A partnership with the HOME Project seemed to be an excellent fit for Arrow. “Our company’s brand message is that we guide innovation forward,” Verrengia says. “The HOME project is very innovative. We want to partner with innovators who are working fast, and they are doing that too. That is why the partnership made sense to us. Instead of just writing a check, we can provide the right equipment to help refugee children become entrepreneurs and have hope for their future.
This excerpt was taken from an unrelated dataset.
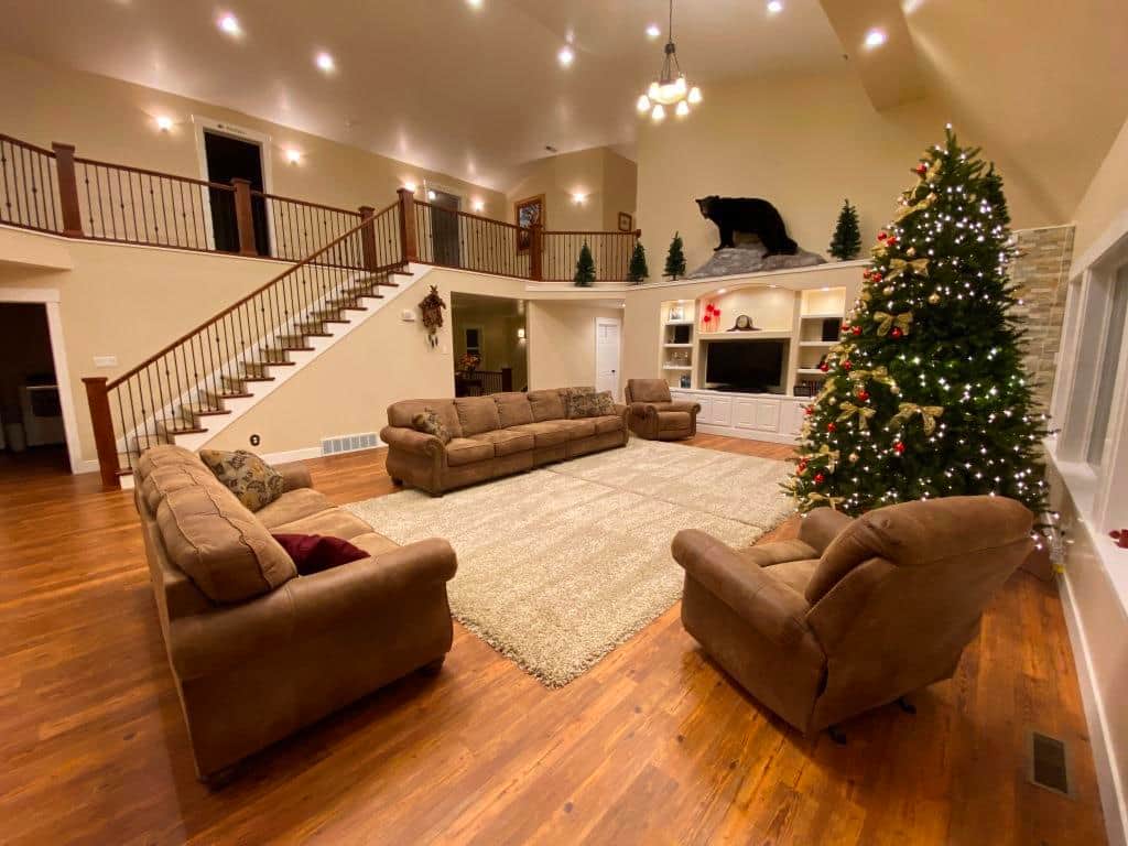 In the basement you'll find a 14-seat theater room with tiered seating, a 120-inch projection screen, and surround sound audio. Additionally, there is a recreation room with ping-pong and air hockey tables. There are two large bunk rooms downstairs that sleep 10 & 12.

The HOME Project is a very safe place for these kids to get a good start.”

Thanks to the introductions made by KBFUS and EPIM, says Verrengia, Arrow Electronics will deliver “a couple of hundred” refurbished laptops – complete with software and education programs – to the project’s five shelters by the end of the first quarter of 2017. Verrengia will also help them establish computer classrooms.

“With these computers, the kids will have an opportunity to learn languages, coding and technical skills and reconnect online with relatives,” he says. “They’ve been through a lot. If they are going to be successful in the 21st century, they are going to need knowledge and equipment. Otherwise they remain at risk. Young people are very resourceful. If you give them the right tools they can solve their own problems. Computers are absolutely essential tools today. Providing them with this opportunity is something Arrow can do.”

Connecting funders with innovative projects

Verrengia gives “an enormous amount of credit” to KBFUS for helping Arrow make a concrete contribution to refugee integration.  “We’re a global company headquartered in Denver,” he says. “As the director of CSR, I don’t have my finger on the pulse of all the pressing issues around the world. It’s difficult to make international donations. And it’s difficult to meet people and get introductions to organizations that would be a good match for our CSR program.

“KBFUS was incredibly helpful in giving me the perspective on issues, making the introduction, facilitating the relationship and executing the donation. I absolutely need partners like KBFUS to do my job. I can’t do it by myself. And it’s important for the company that things go smoothly and successfully.”

Verrengia says that with the proper connections, the private sector can play a vital role in helping to solve issues like the refugee crisis.  “Governments can’t solve everything. KBFUS really taught me that if we convene the right people in the room, they will have good ideas and make things happen.”